3.1.3. Reference-based mode

If a reference genome is available, AGB runs QUAST-LG to align graph edges and contigs (scaffolds) produced by assemblers to the reference genome and detect assembly errors. This mode provides two additional options for edge coloring: either according to their mappings to the reference (same colors represent same chromosomes), or based on the presence of assembly errors. A subset of edges mapped to each chromosome can be visualized on a separate page. When edges are colored according to the presence of assembly errors detected by QUAST-LG, green edges do not contain errors, red edges belong to the misassembled contigs (but correspond to correct genomic sequences), and dark red edges represented by parallel lines are erroneous themselves.

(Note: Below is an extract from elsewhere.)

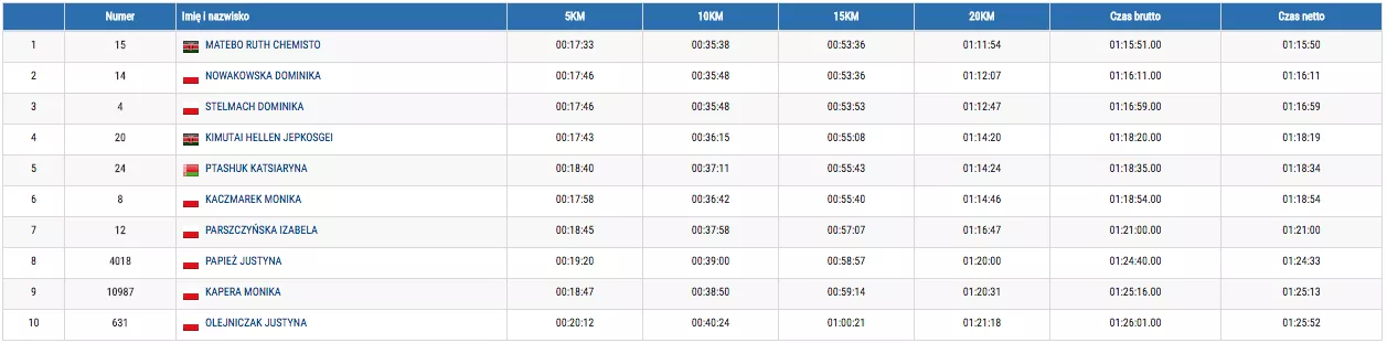 Do ugryzienia były wysokie nagrody finansowe (8 tys. zł dla zwycięzców) i rekordy imprezy: 1:02:00 Solomona Kiptoo z 2012 r. i 1:09:53 Karoliny Nadolskiej z 2017 r. (ew. premia 10 tys. zł). Ku motywacji uczestników, na mecie czekał... pomarańczowy dywan.

At the top, corresponding edge alignments to the selected chromosome are displayed. Red blocks contain detected assembly errors, while green blocks were aligned correctly. The alignment of the selected edge is highlighted with dark green color. It is also possible to display brief information about an alignment by hovering.

3.1.4. Contig-based mode

If an assembler provides paths in the assembly graph corresponding to the assembled contigs/scaffolds, AGB displays each path separately. Given the reference genome, AGB also shows the number of assembly errors per contig.

3.2. Left panel

The left panel includes the menu with various options, the search bar, and the tables describing various graph elements.

3.2.1. Additional options

3.2.2. Search bar

The search bar allows to search all graph edges, contigs, and reference chromosomes by name and display them.

3.2.3. Tables

AGB displays interactive sortable tables containing information about edges, vertices, contigs, reference chromosomes, and connected components. All tables are affected by additional options (only edges satisfying the filtering criteria (read length, coverage, or uniqueness) are taken into account).

4. Citation


Alla Mikheenko, Mikhail Kolmogorov,
Assembly Graph Browser: interactive visualization of assembly graphs,
Bioinformatics. doi: 10.1093/bioinformatics/btz072

5. References

  1. https://github.com/magjac/d3-graphviz
  2. Giorgio Gonnella and Stefan Kurtz "GfaPy: a flexible and extensible software library for handling sequence graphs in Python", Bioinformatics (2017) btx398
  3. https://github.com/networkx/networkx-metis
  4. Gansner, E. R. and North, S. C. (2000). An open graph visualization system and its applications to software engineering. Softw., Pract. Exper., 30(11), 1203–1233.
  5. Mikheenko, A. et al. (2018). Versatile genome assembly evaluation with QUAST-LG. Bioinformatics, 34(13), i142–i150.
  6. Karypis, G. and Kumar, V. (1998). Multilevel algorithms for multi-constraint graph partitioning.In Proceedings of the 1998 ACM/IEEE conference on Supercomputing, page 28. IEEE Computer Society.